Es gelte außerden, fuhr Horch fort, „Anreize für Nachwuchskräfte zu schaffen, sich zu Meisterinnen und Meistern fortzubilden. Dazu gehört, die berufliche Aufstiegsfortbildung mit der akademischen Bildung gleichzustellen, auch finanziell.“ Den Weg des Senats, die Kompensation der anfallenden Kosten über eine Neufassung des Aufstiegsfortbildungsförderungsgesetzes (AFBG) zu realisieren, unterstützt die Handwerkskammer uneingeschränkt. Auch der Zentralverband des Deutschen Handwerks (ZDH) hat sich für einen solchen Weg ausgesprochen. Präsident Katzer: „Unsere Meisterschüler in der Hansestadt dürfen grundsätzlich nicht schlechter gestellt werden als Studenten. Chancengleichheit ist das Gebot der Stunde! Da es in dieser Frage einen parteiübergreifenden Konsens im Bund gibt, muss die Änderung des AFBG von einer neuen Koalition im Bund zügig umgesetzt werden. Sollte sich das Vorhaben verzögern, erwarten wir vom Senat, sein Versprechen einzulösen, eine Zwischenlösung für angehende Handwerksmeisterinnen und -meister zu finden“, unterstrich Katzer, „Hamburg könnte dann dem Beispiel Niedersachsens folgen und temporär eine Meisterprämie einführen.“ Ob eine solche Neuregelung dann auch für Carmen Haar und ihre 24 Kollegen und Kolleginnen gilt, konnte an diesem Tag noch nicht beantwortet werden.

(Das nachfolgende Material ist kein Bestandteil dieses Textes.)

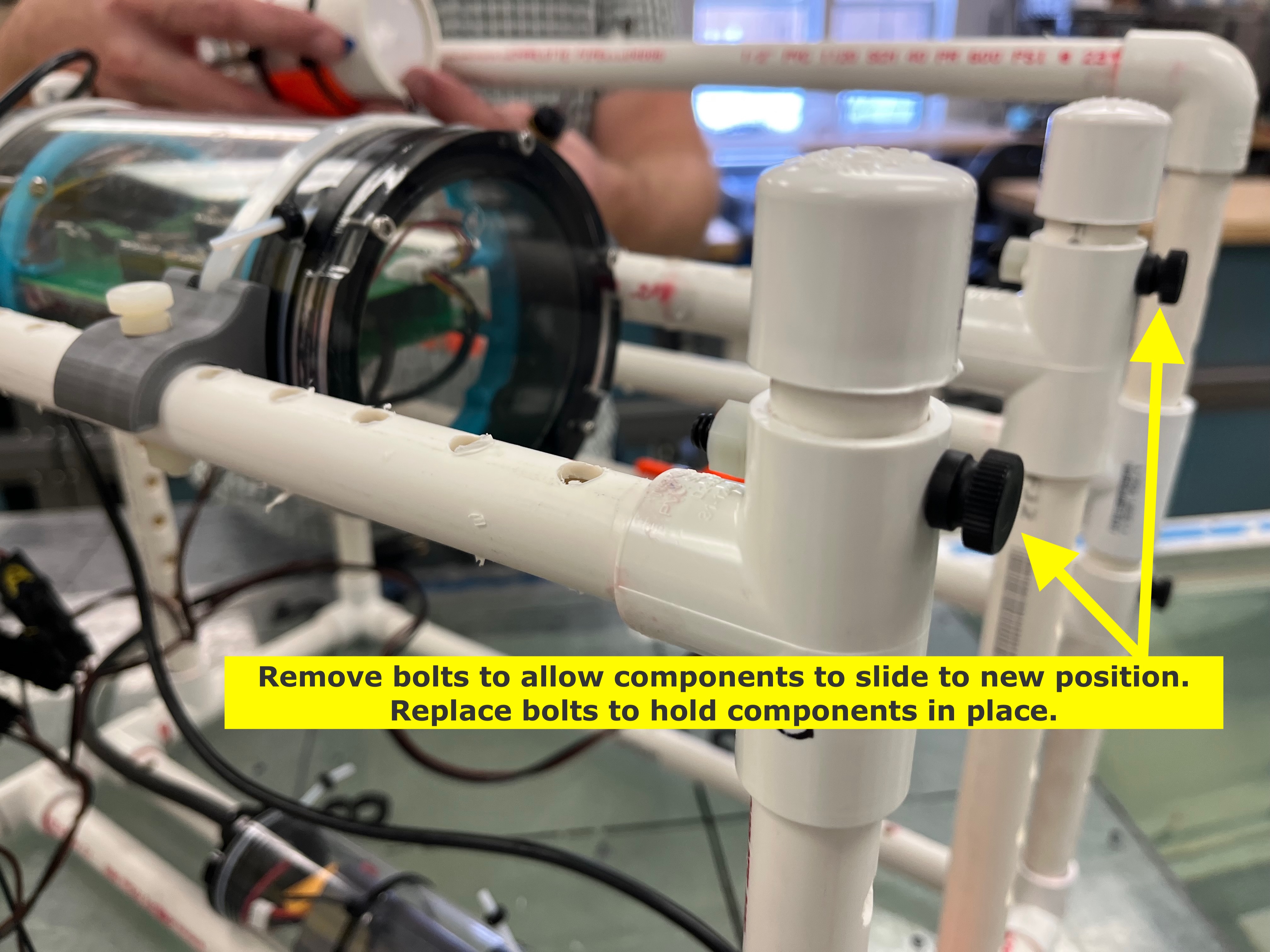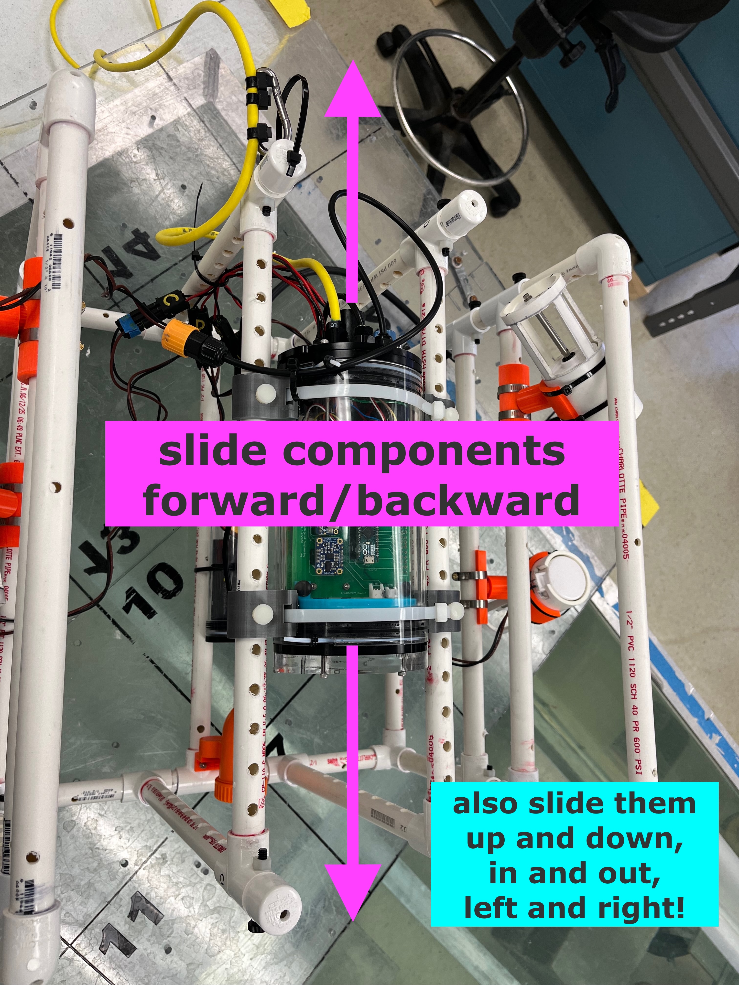In general, you can move around just about anything on this ROV during lab. Don’t forget to move things forward and backward (“fore/aft”) to see how that changes the ROV’s motion, too!
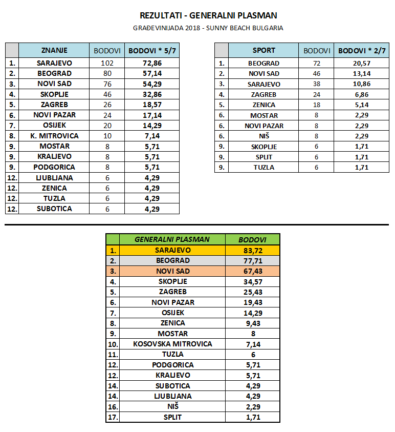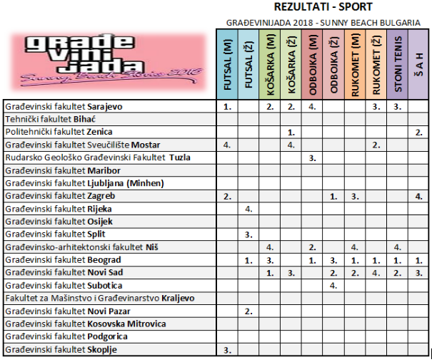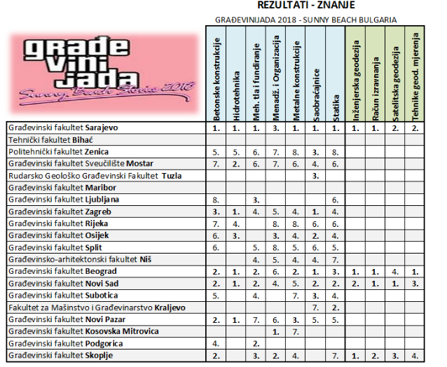 Na ovogodišnjoj, Građevinijadi 2018. Građevinski fakultet Univerziteta u Sarajevu je osvojio čak 16 medalja (od ukupno 21), čime je postavio rekord na ovom takmičenju. Devet je bilo prvih mjesta, 4 druga i 3 treća mjesta. U kvizu znanja su osvojili medalje iz svih 11 predmeta od čega je čak 8 bilo zlatnih. U sportskom dijelu takmičenja osvojili su 5 medalja (od ukupno 10), od čega je jedno 1. mjesto, 2. druga mjesta te dva 3. mjesta.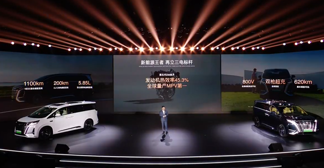 新车不仅在外观设计上进行了全面革新,更是在科技配置和动力系统上再添“猛料”,其最大的亮点就是第五代DM技术加持,纯电续航硬刚到了145-155公里,亏电油耗直接杀到7.15升,堪称中国新能源豪华MPV新高度。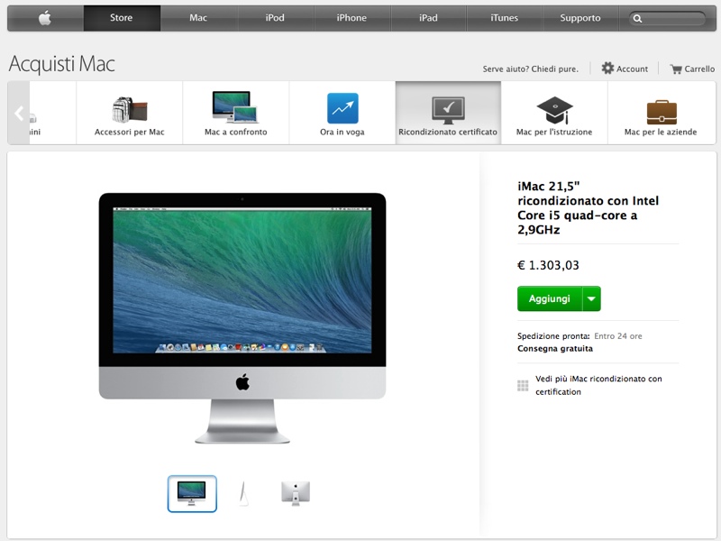 Ricordiamo che in tutti i casi si tratta di macchine di ultima generazione, rimesse a nuovo da Apple dal punto di vista estetico e funzionale, fornite con un anno di garanzia Apple. Tutti gli iMac e anche i portatili Apple ricondizionati sono disponibili a partire da questa pagina.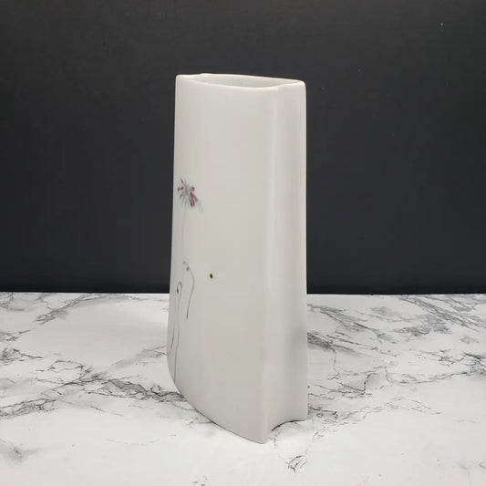 Floral Bag Vase Artist Signed Porcelain Vintage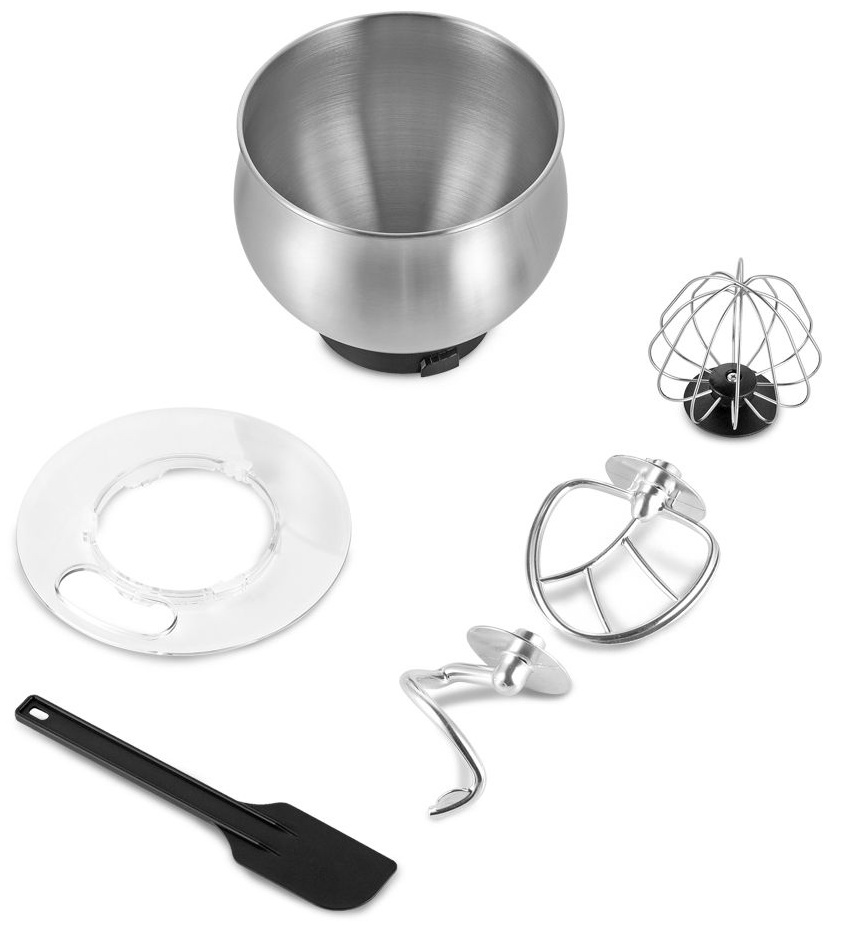 В комплекте с миксером идут венчик для взбивания, крюк для замеса крутого теста, насадка для смешивания и приготовления пюре. Защитный кожух надевается сверху на насадки и предотвращает попадание продуктов на шпиндель во время работы прибора.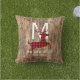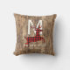 Individuell gestalteter Innenhof werfen Kissen mit roten und schwarzen Buffalo Lumberjack Klan Schachbretter karierte tartan Muster Hirsche mit Anbetern Silhouette Bild auf einem zeitgenössischen holzgetönten Hintergrund. Mit Raum zum Anpassen oder Personalisieren mit Familiennamen Monogramm Ihrer Wahl.

Die Meisterqualifikation ist ein wichtiger Baustein zur Fachkräftesicherung. Rund 90 Prozent der Auszubildenden lernen in Meisterbetrieben. Die berufliche Bildung stellt in Deutschland sicher, dass kleinen und mittleren Unternehmen ausreichend qualifizierte Fachkräfte zur Verfügung stehen. Der Mittelstand mit seinem soliden Kern, dem Handwerk, bildet die Basis für den wirtschaftlichen Erfolg Deutschlands. Die Meisterqualifikation sichert die Qualität von Produkten und Dienstleistungen für den Verbraucher. In den kommenden Jahren stehen etliche Meisterbetriebe aus Altersgründen zur Nachfolge und Übernahme an. Eine neue Kostenregelung könnte das ändern.